A Problem on Conditional Probability 
A patient is thought to have one of three diseases $A_1$, $A_2$ and $A_3$ whose probabilities under the given conditions are $1/2$, $1/6$ and $1/3$, respectively. A test is carried out to help the diagnosis and it yields a positive result with a probability of $0.1$ for disease $A_1$, a probability of $0.2$ for disease $A_2$ and a probability of $0.9$ for disease $A_3$. A(nother) test is conducted 5 times and the results are positive 4 times and negative once. What is the probability of each disease after testing?

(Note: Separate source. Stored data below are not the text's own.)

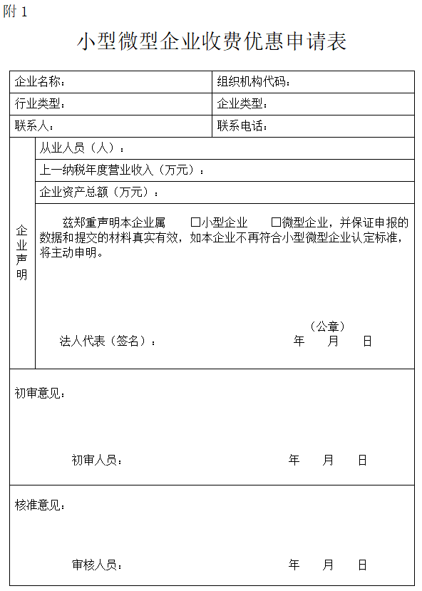 1.小型微型企业收费优惠申请表
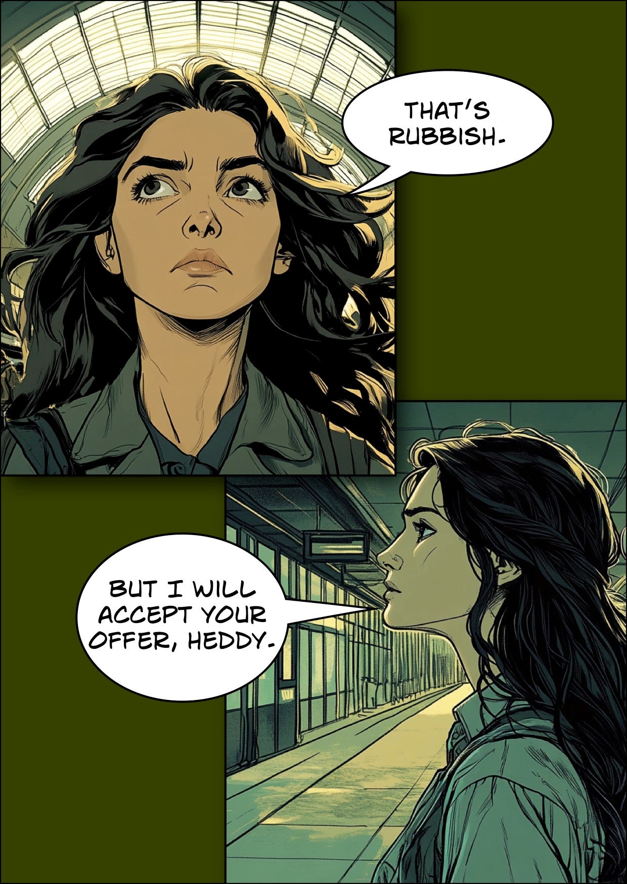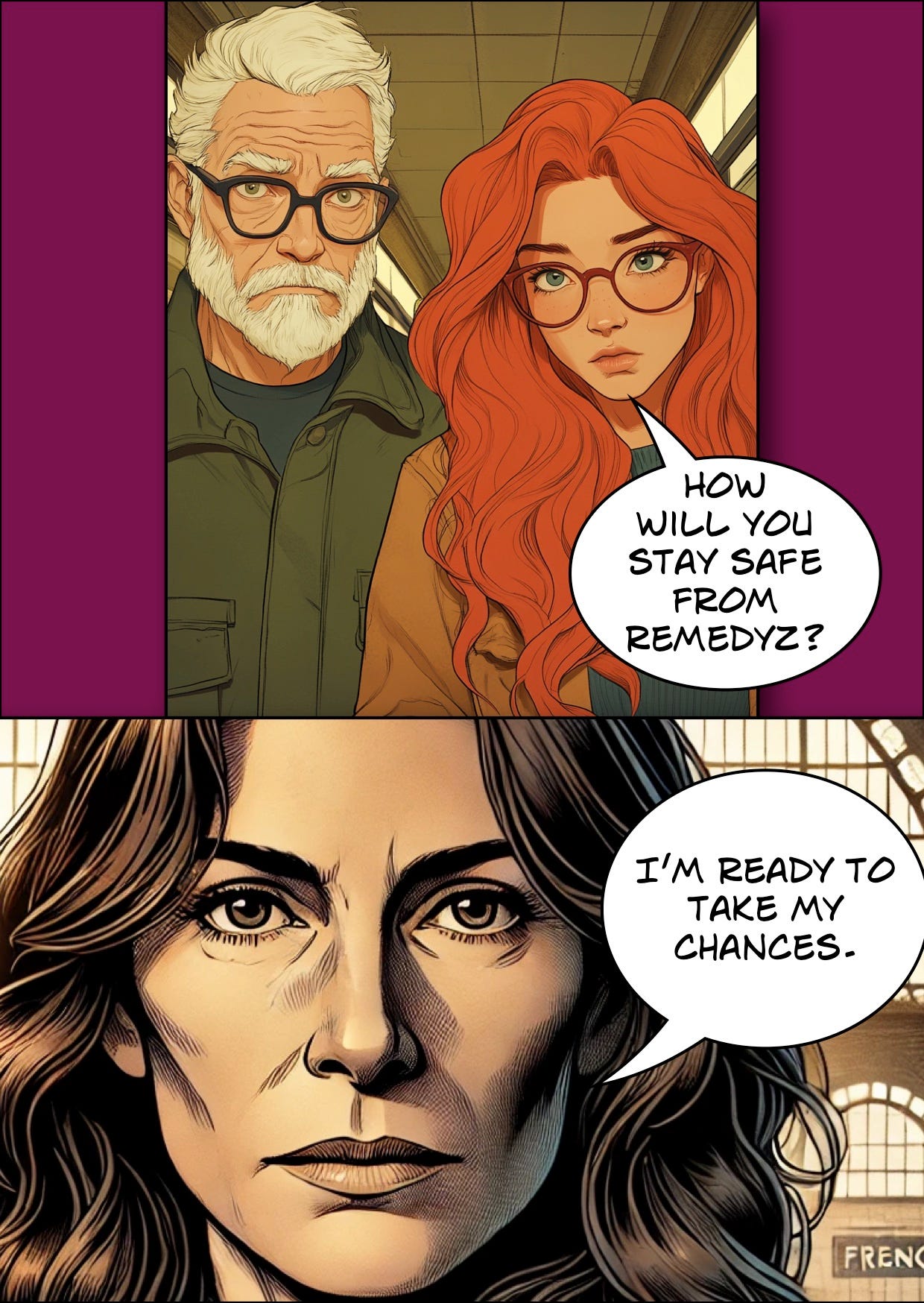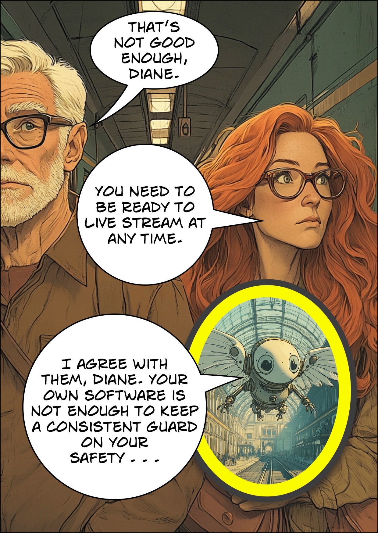 Last time: Diane rescued us from the clutches of Remedyz. And then Heddy saved her by doing a live stream of the Remedyz thugs who were threatening her.
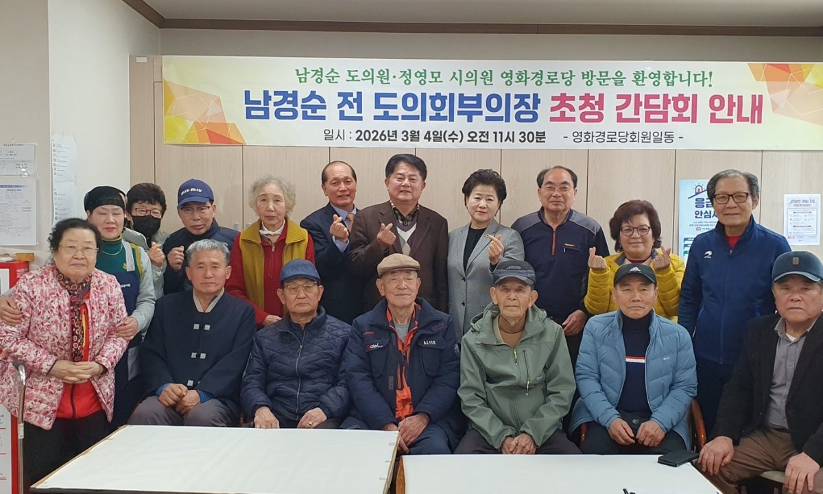 [금요저널] 수원특례시의회 보건복지위원회 정영모 의원은 2026년 3월 4일 영화경로당에서 남경순 전 경기도의회 부의장을 초청해 간담회를 개최하고 어르신들과 함께 지역 현안 및 경로당 이용 환경에 대한 의견을 청취했다.

Let $P(P_1) = 0.1$. I can't decide whether $P(P_1)$ is $P(P_1|A_1)$. A positive result for $A_1$ does not necessarily mean the person has disease $A_1$, the results could be incorrect. Furthermore, I am not sure what I am supposed to find here: the probability of each disease after testing?? Is it the probability of each disease given that the results are positive or negative? Or a total probability? Should I use Bayes' rule here?
 A: Let us assume we have prior probabilities for the three diseases $p(A_1)$, $p(A_2)$, and $p(A_3)$ of $1/2, 1/6, 1/3$ respectively.
The test has probabilities $p_i = 0.1, 0.2, $and $0.9$ of detecting the three diseases respectively.  Under the assumption that the test results are independent from one trial to the other, the results of running the test five times given that the patient has disease $A_i$ are distributed Binomial with probability parameter $p_i$.  Consequently, the probability of observing four positive test results out of five trials given each of the diseases is:
$$P(\text{observed test results}|A_i) = P_{\text{binomial}}(4; n=5, p_i) = \{0.00045, 0.0064, 0.328\}$$
for the three diseases respectively.
Using Bayes' Rule, $P(A_i | \text{observed test results}) \propto P(\text{observed test results}|A_i)P(A_i)$.  This calculation results in unnormalized probabilities equal to $\{0.000225, 0.00107, 0.109\}$ for the three diseases.  Normalizing gives us:
$$P(A_i | \text{observed test results}) = \{0.002, 0.01, 0.988\}$$
respectively.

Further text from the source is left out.